This solution, after a lot of development, focusing on recreating actual bodies (not only faces) could be used in the fashion sector, while making visualizations for trying on clothes. This is a nice and very visual example of how Deep Learning can improve something we already thought was almost excellent.
Gaming industry – Deep Learning to improve quality
Electronic Arts, the company behind FIFA, among others, also uses artificial intelligence to test its games. By introducing a self-learning mechanism into game testing structures, player behavior can be replicated and many annoying bugs identified. As a result, experienced testers can focus on fundamental testing and leave the most tedious and time-consuming tasks to technology.
„With neural networks learning how to play the games by themselves we can mimic human-like behaviors that go beyond current automated testing approaches, of scripted bots, where the game learns and plays like a human. This means we find bugs faster, in ways that humans do, before they get out in the wild to millions of players” – Colin Barre-Brisebois, EA SEED Head of Technology.
You can test your store’s performance in the same way and quickly identify issues that can have a very negative impact on conversions or revenue.
Google Translate
Initially, Google’s linguistic data was obtained from the United Nations and European Parliament documents. At present, AI stands behind the high and still growing accuracy of translations. The huge step was taken in 2016 when Google implemented Deep Learning methodology – Neural Machine Translation (NMT) which results in using a wide variety of linguistic sources. High quality training data taken from the Internet (after reducing the noise in data) allows Google to constantly improve models that are in use and reduce more and more errors in translation.
From the e-commerce perspective, this kind of a solution can be a real game-changer in terms of opening e-commerce services into different markets. For instance if some European e-commerce would like to open to the Japanese market, it would need to translate not only static elements of the website (which is quite easy even without a good automatic solution), but it would also have to maintain the translations of thousands of rotating offer names, their descriptions and users reviews, which would practically be effortless if great translation solutions were available. In the future, Deep Learning algorithms could become even better than human language translators, similarly to how they became better than humans in handwriting recognition problems.
What awaits AI in the future?
Artificial intelligence is already revolutionizing our daily lives and the way many industries and businesses operate. Moreover, there is no indication that this trend will reverse in the near future. On the contrary, artificial intelligence has become a catalyst for the development of many new technologies (including robotics, big data and IoT) and everything indicates that this role will continue in the coming years.

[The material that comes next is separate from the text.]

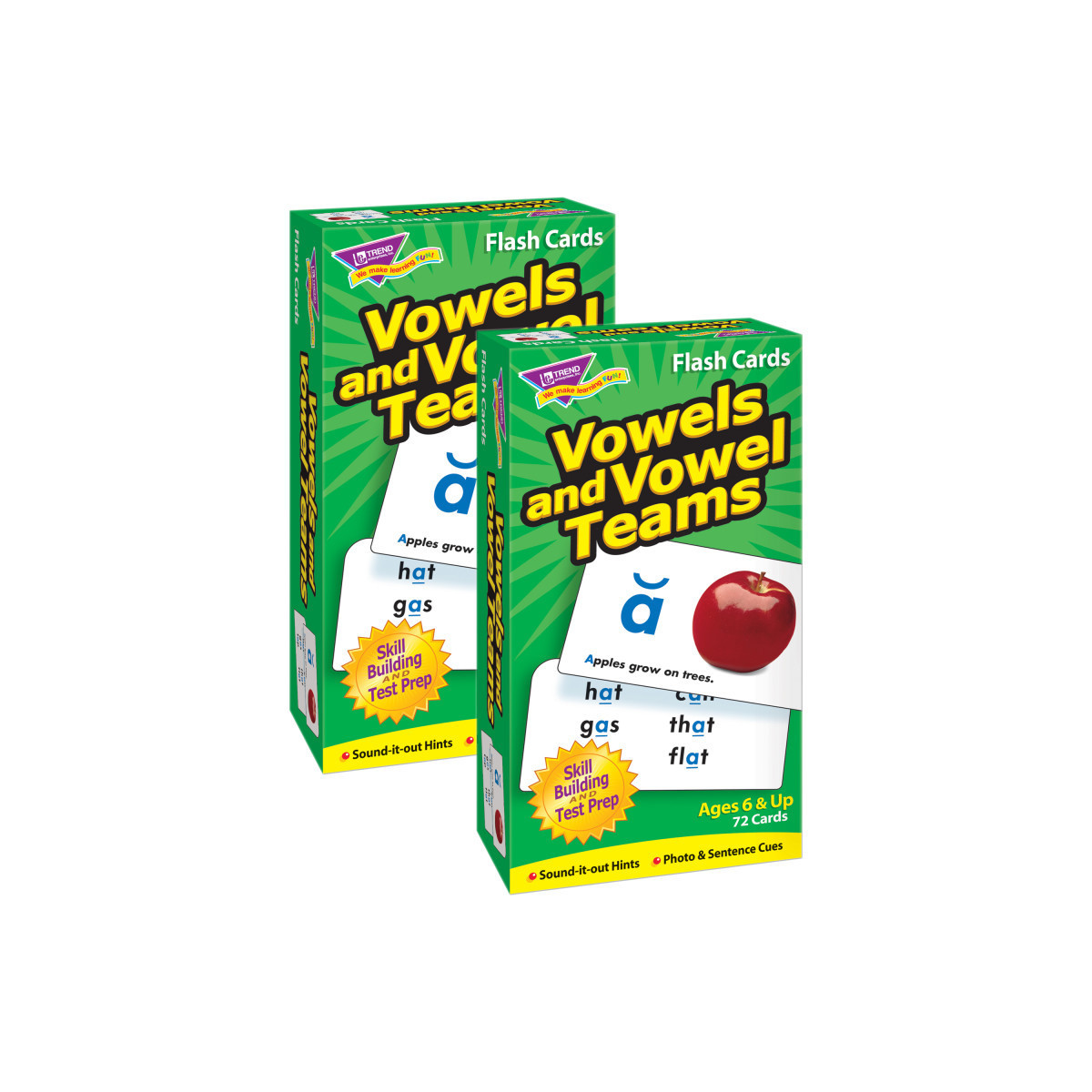Content-rich language arts cards do their job, teaching students new skills in a fun way. This educational aid uses photos, words, sound cues, and sentences to teach vowels and build reading skills. From Dolch and Fry Instant Words lists. Sturdy cards and storage box. Students will delight in mastering new skills. No-see-through cards with quick-sorting, rounded corners. 72 cards per pack, 3" x 6". For ages 6 and up. Sold as 2 identical packs.

And although today certain areas and aspects of our lives still seem to be virgin territory for the development of artificial intelligence, we should expect that this may soon change. Of course, this does not mean that those areas that already boast numerous examples of the application of artificial intelligence will stop witnessing the dynamic development of the technology. Scientists will continue to put a lot of effort and energy into developing autonomous vehicles, improving robots that can replace humans in many repetitive tasks in the manufacturing industry, or more accurately diagnosing disease entities.
The marketing industry is also likely to face major changes – we can expect even better-suited ads to the context of the search, more relevant recommendations and personalization taken to a completely new level, which from the business perspective will result in better customer experience and increased sales.
And so, the AI story continues, full of innovation, challenges, and boundless possibilities. It’s a dynamic journey that is still unfolding, shaping the world in ways we could only imagine in our wildest dreams.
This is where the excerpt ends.